City Council of Saginaw, Michigan

Personal details
- Born: Gary L. Loster 1945 or 1946 (age 79–80)
- Party: Democratic
- Spouse: Allene Lostor
- Occupation: Businessman

= Gary L. Loster =

American politician

Gary L. Loster (born 1945/1946) is an American politician who served as the fourth African-American mayor of Saginaw, Michigan and the first mayor to serve four terms.

==Biography==
He earned a B.A. in Criminal Justice from Saginaw Valley State University and a M.A., with honors, in Applied Science from Michigan State University. Lostor serve in the U.S. Marine Corps during the Vietnam War. He was employed as a police officer with the Buena Vista Charter Township, Michigan Police Department eventually becoming the Chief of Police. He then went to the private sector working as Director of Fire Safety & Security for Delphi Saginaw Steering Systems, a subsidiary of General Motors. On November 8, 1993, he was elected as mayor of the city of Saginaw succeeding Henry H. Nickleberry. He was re-elected three more times, the first mayor to serve 4 terms since the 1936 charter. One of his early focuses was to overhaul the police department after complaints from residents over lack of service and racism after two white officers were relieved of duty for abusing a Black teenager.
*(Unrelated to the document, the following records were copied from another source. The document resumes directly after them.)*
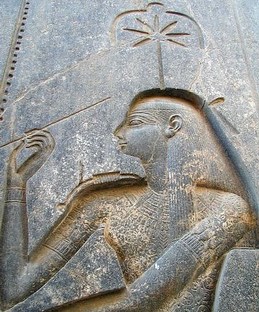 Rilievo parietale raffiguranti Khonsu, nel tempio a lui dedicato a Karnak
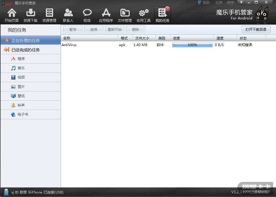 用魔乐手机管家1.2.2.227安装到手机内存时,无法安装,手机自动重启,魔乐端显示未知错误!好郁闷啊,装了3次,次次都要重启手机,等很久后魔乐端显示未知错误!放在手机里直接安装显示“解析包时出现问题”。再次下载任何出现同样错误!后来我去机锋网下载了,就正常安装了!
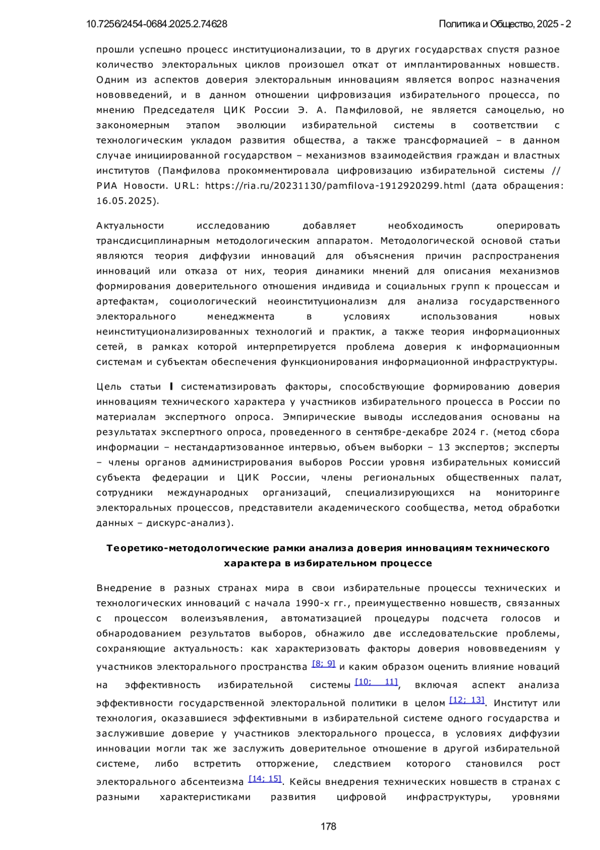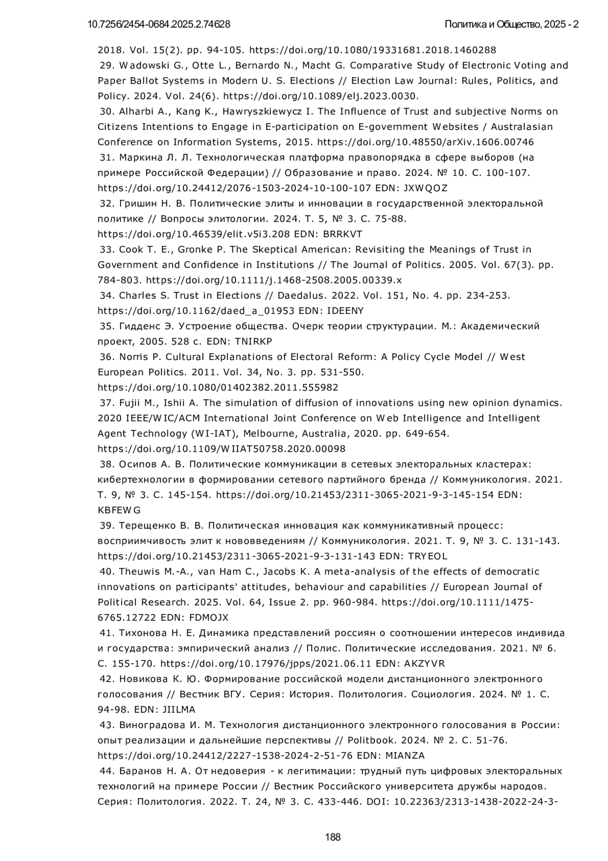 1. Иванов Д. Ю. Политическая активность и доверие избирателей в условиях цифровизации избирательного процесса // Политическая экспертиза: ПОЛИТЭКС. 2024. Т. 20, № 1. С. 45-63. DOI: 10.21638/spbu23.2024.104
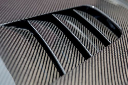 a Brembo brake kit. Under the vented carbon fiber hood sits the heart of this
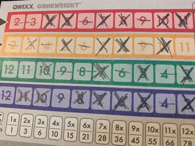 You have the option to pass on either, but you must cross off at least one of the two each turn or face a five-point penalty. Also, once you cross off a number on the track, you can no longer cross off numbers to the left of the one you just crossed off. If you cross off red 7, you can’t cross off red 2-through-6.
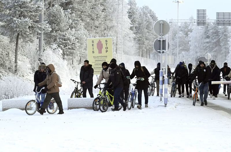 Ce caută migranții cu bicicletele la granița cu Finlanda

He also established a gang task force and promoted the use of prisoner work crews to clean the city.

Lostor served as mayor when the City Council was majority-Black and with its white minority often in opposition.

in 1996, he was criticized for taking a trip to Nigeria with a group of Michigan mayors (Linsey Porter of Highland Park, Walter Moore of Pontiac, Robert Warren of Muskegon Heights, and Sondra Mose Ursery of Vandalia) despite its dismal human rights record.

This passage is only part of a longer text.